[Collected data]
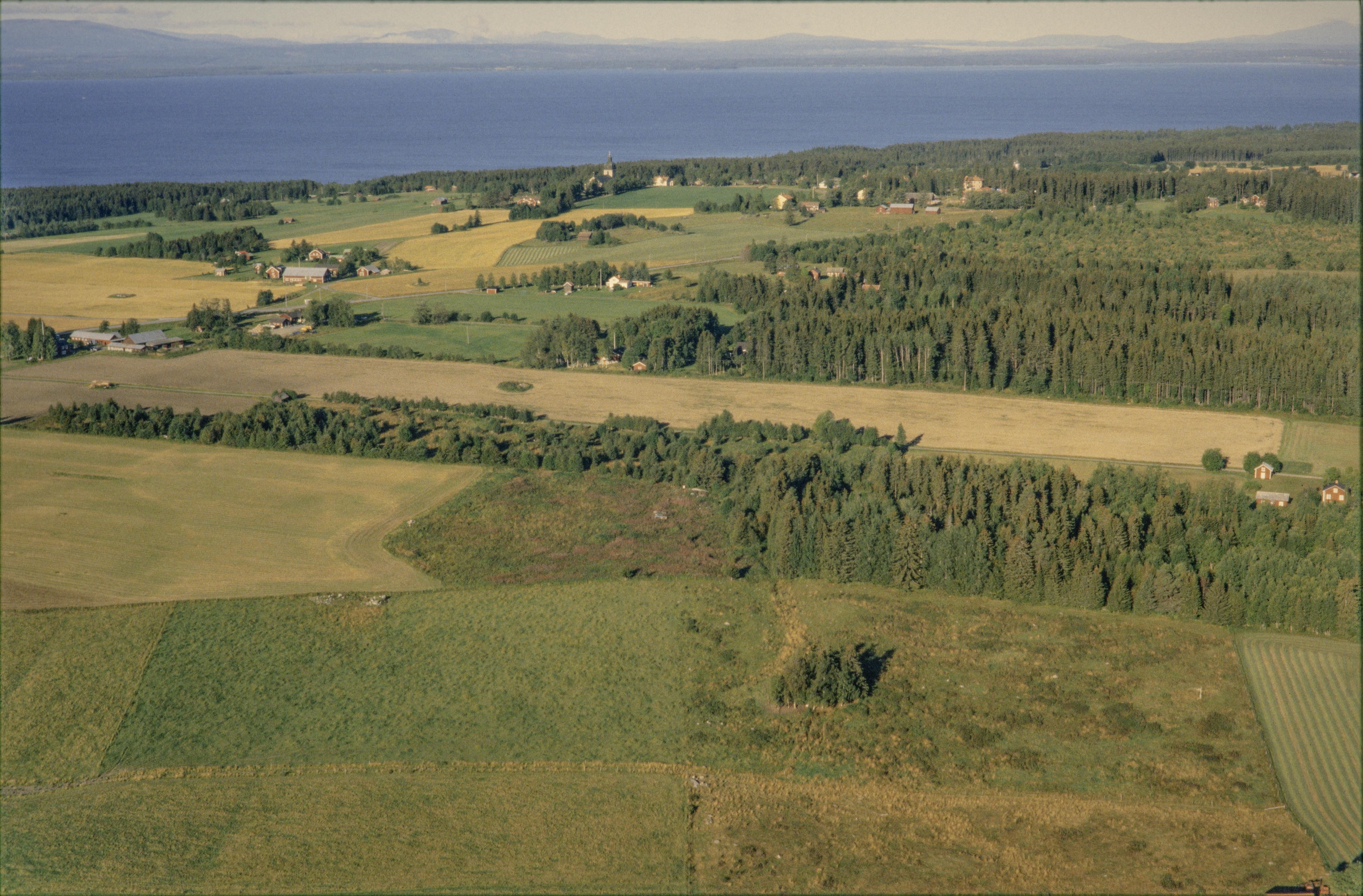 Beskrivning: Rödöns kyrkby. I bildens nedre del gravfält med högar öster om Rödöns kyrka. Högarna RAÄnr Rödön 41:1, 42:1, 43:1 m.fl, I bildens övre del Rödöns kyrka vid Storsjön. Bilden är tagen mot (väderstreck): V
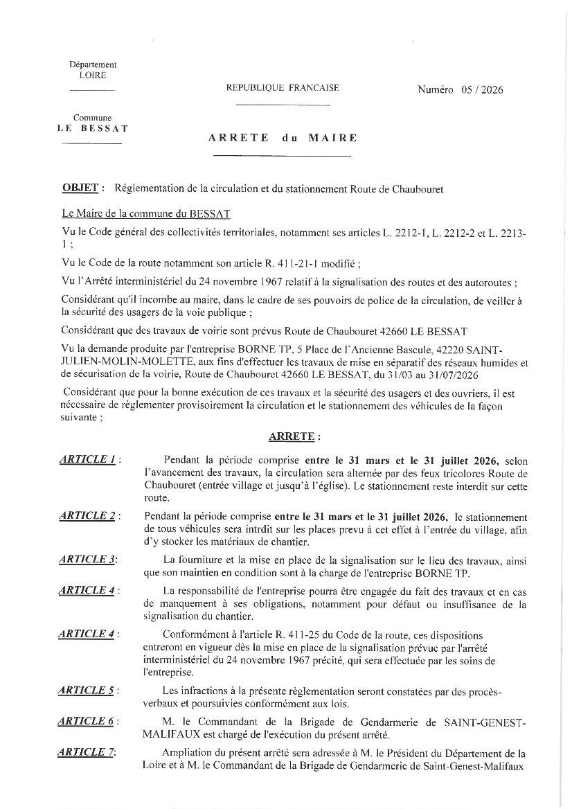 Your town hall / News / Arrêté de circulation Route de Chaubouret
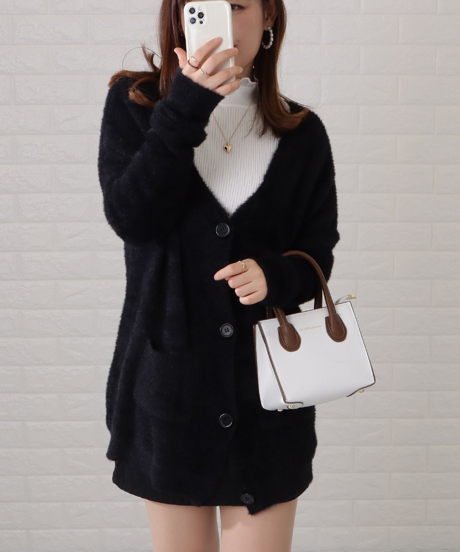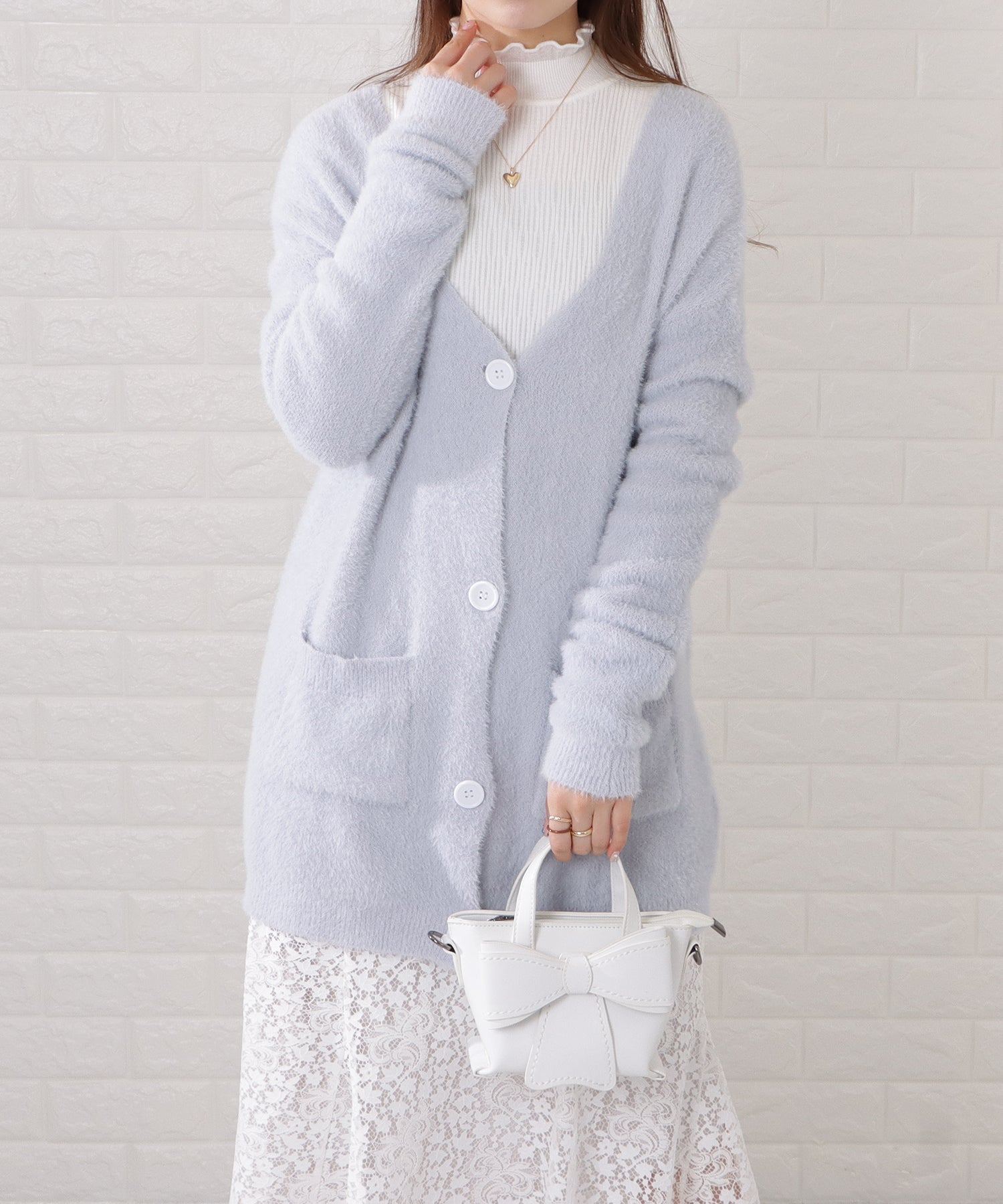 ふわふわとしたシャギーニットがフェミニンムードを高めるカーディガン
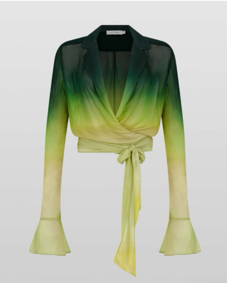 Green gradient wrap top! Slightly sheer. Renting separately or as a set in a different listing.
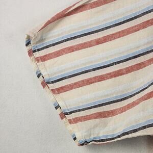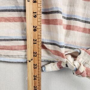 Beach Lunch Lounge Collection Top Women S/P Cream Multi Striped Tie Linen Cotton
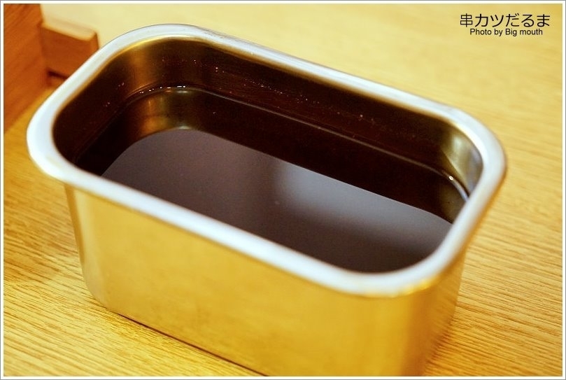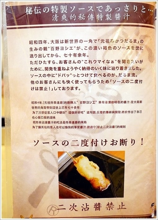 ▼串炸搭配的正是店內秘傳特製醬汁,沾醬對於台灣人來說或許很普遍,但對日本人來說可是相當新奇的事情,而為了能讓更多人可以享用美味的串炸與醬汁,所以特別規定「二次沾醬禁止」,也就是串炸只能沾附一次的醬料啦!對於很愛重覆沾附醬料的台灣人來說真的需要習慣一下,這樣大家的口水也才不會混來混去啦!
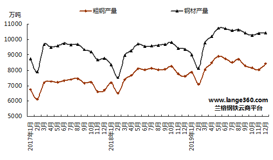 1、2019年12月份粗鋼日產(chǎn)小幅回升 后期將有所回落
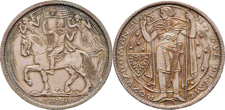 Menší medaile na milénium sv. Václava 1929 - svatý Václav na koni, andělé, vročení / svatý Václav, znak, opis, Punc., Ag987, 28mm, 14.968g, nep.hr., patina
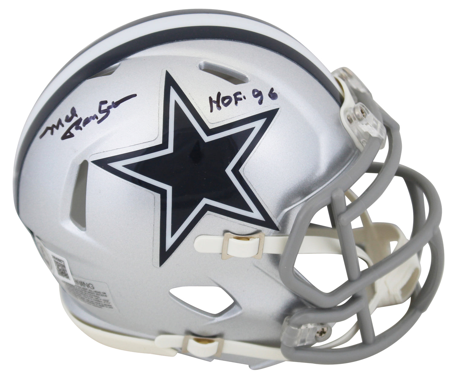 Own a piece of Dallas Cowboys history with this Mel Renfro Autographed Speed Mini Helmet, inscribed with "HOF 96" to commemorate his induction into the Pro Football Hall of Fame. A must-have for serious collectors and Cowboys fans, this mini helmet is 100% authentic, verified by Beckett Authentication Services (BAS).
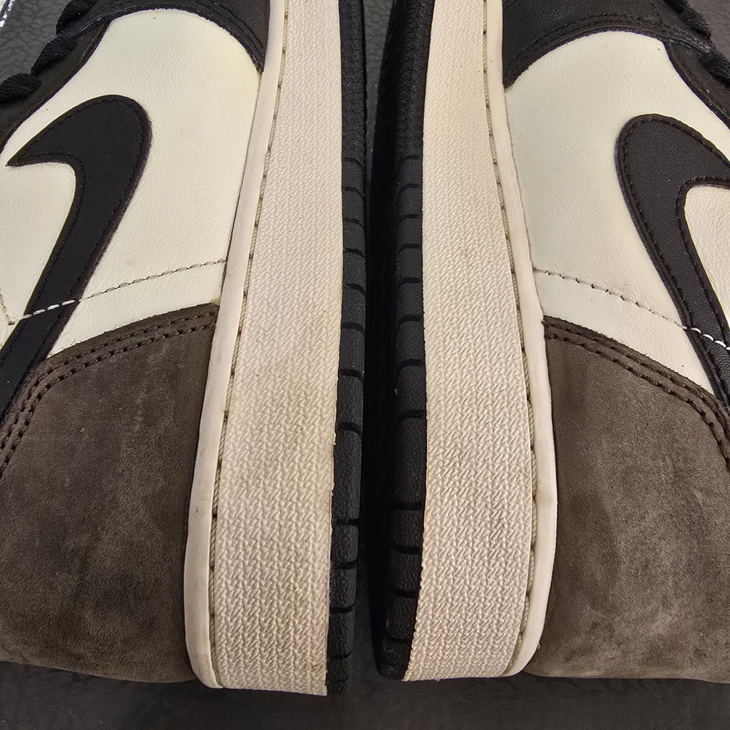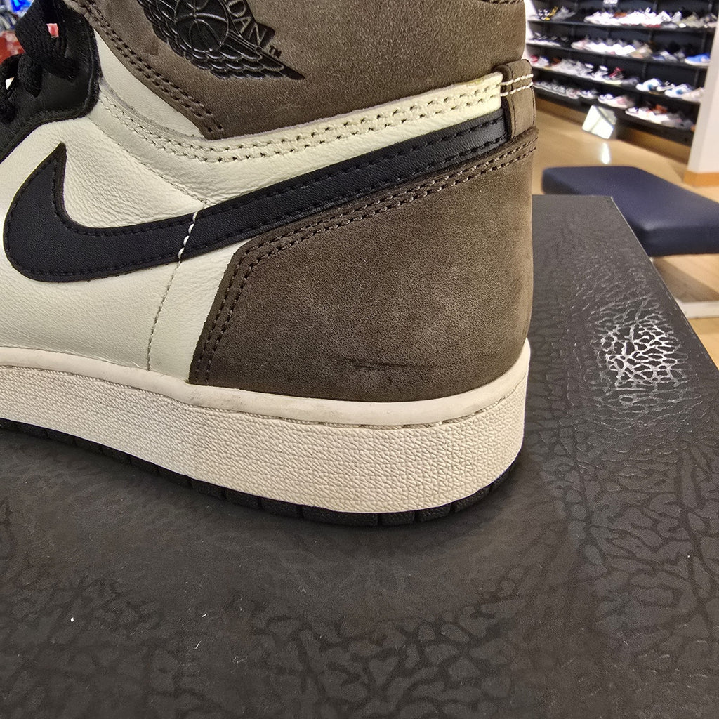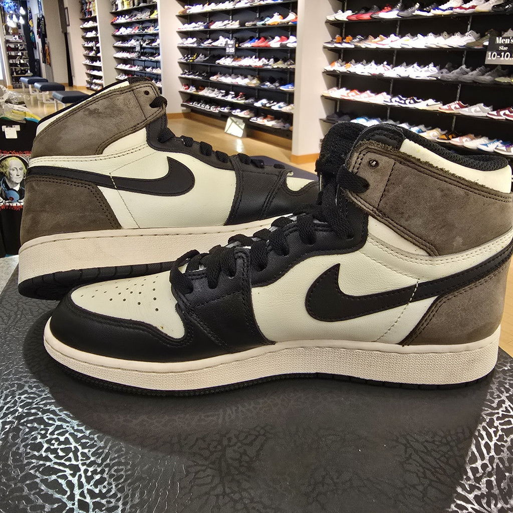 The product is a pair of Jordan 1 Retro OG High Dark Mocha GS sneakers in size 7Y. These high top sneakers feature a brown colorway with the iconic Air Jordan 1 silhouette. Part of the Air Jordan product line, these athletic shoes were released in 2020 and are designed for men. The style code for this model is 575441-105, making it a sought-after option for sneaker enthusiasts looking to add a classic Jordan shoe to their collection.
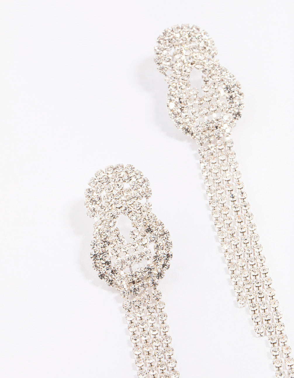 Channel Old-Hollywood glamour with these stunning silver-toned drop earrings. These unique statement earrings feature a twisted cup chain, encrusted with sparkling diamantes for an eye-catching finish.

[Task to complete]
Can you restate all the records above word for word while dropping the pictures?

[Reply to the task]
 Beskrivning: Rödöns kyrkby. I bildens nedre del gravfält med högar öster om Rödöns kyrka. Högarna RAÄnr Rödön 41:1, 42:1, 43:1 m.fl, I bildens övre del Rödöns kyrka vid Storsjön. Bilden är tagen mot (väderstreck): V
 Your town hall / News / Arrêté de circulation Route de Chaubouret
 ふわふわとしたシャギーニットがフェミニンムードを高めるカーディガン
 Green gradient wrap top! Slightly sheer. Renting separately or as a set in a different listing.
 Beach Lunch Lounge Collection Top Women S/P Cream Multi Striped Tie Linen Cotton
 ▼串炸搭配的正是店內秘傳特製醬汁,沾醬對於台灣人來說或許很普遍,但對日本人來說可是相當新奇的事情,而為了能讓更多人可以享用美味的串炸與醬汁,所以特別規定「二次沾醬禁止」,也就是串炸只能沾附一次的醬料啦!對於很愛重覆沾附醬料的台灣人來說真的需要習慣一下,這樣大家的口水也才不會混來混去啦!
 1、2019年12月份粗鋼日產(chǎn)小幅回升 后期將有所回落
 Menší medaile na milénium sv. Václava 1929 - svatý Václav na koni, andělé, vročení / svatý Václav, znak, opis, Punc., Ag987, 28mm, 14.968g, nep.hr., patina
 Own a piece of Dallas Cowboys history with this Mel Renfro Autographed Speed Mini Helmet, inscribed with "HOF 96" to commemorate his induction into the Pro Football Hall of Fame. A must-have for serious collectors and Cowboys fans, this mini helmet is 100% authentic, verified by Beckett Authentication Services (BAS).
 The product is a pair of Jordan 1 Retro OG High Dark Mocha GS sneakers in size 7Y. These high top sneakers feature a brown colorway with the iconic Air Jordan 1 silhouette. Part of the Air Jordan product line, these athletic shoes were released in 2020 and are designed for men. The style code for this model is 575441-105, making it a sought-after option for sneaker enthusiasts looking to add a classic Jordan shoe to their collection.
 Channel Old-Hollywood glamour with these stunning silver-toned drop earrings. These unique statement earrings feature a twisted cup chain, encrusted with sparkling diamantes for an eye-catching finish.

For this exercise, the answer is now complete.